What data do we collect
To really know everything about the work of our site, you need to collect a lot of information. Every day we process more than two trillion (2,000,000,000,000) records. Interested parties can access the processed statistics with a lag of 2-3 minutes, that is, almost in real time.
We log in:
• any user activity (any click);
• any call to any non-trivial component of the site (for example, a java class and method);
• any relationships between site components (for example, accessing the cache from a web server).

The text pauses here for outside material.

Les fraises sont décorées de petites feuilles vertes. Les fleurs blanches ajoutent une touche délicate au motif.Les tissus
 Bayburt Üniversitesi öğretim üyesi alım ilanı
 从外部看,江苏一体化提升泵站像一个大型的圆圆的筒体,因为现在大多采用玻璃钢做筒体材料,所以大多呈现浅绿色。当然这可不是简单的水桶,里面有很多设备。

We also upload data about user content (for example, uploaded photos and ratings) and activity (for example, logins or visits) to the statistics system to analyze user behavior in detail.
Chart and Deschboard System
We look at statistics mainly in the form of graphs. These graphs most often come in two forms:
1) a graph where one point is the aggregated data for five minutes. These are graphs for operational monitoring.
2) a graph where one point is aggregated data for at least one day. You can specify other periods - week, month, quarter and year. These are charts for tracking long-term trends.
With one click, any chart is put into interactive mode, in which you can change the parameters and filters of the chart and immediately get the result.
The main features of the charts:
1) choose any date and any period (the whole story is available);
2) select any parameter - for example, the number of calls, average execution time;
3) group by any classifier, for example, by servers or by java classes;
4) put any filters - by value, by a list of values;
5) process with mathematical algorithms - for example, smooth the schedule;
6) will switch from a 5-minute chart to the daily and vice versa;
7) save the customized schedule in deschboard as new or rewrite over the old one.
From these graphs, we make thematic thematic desks. To do this, we wrote a web application on ASP.NET.
An important aspect of this system is managers, developers and administrators who work with charts and make dashboards, and not the business analysis department. Business analysts only provide tools and ensure system performance.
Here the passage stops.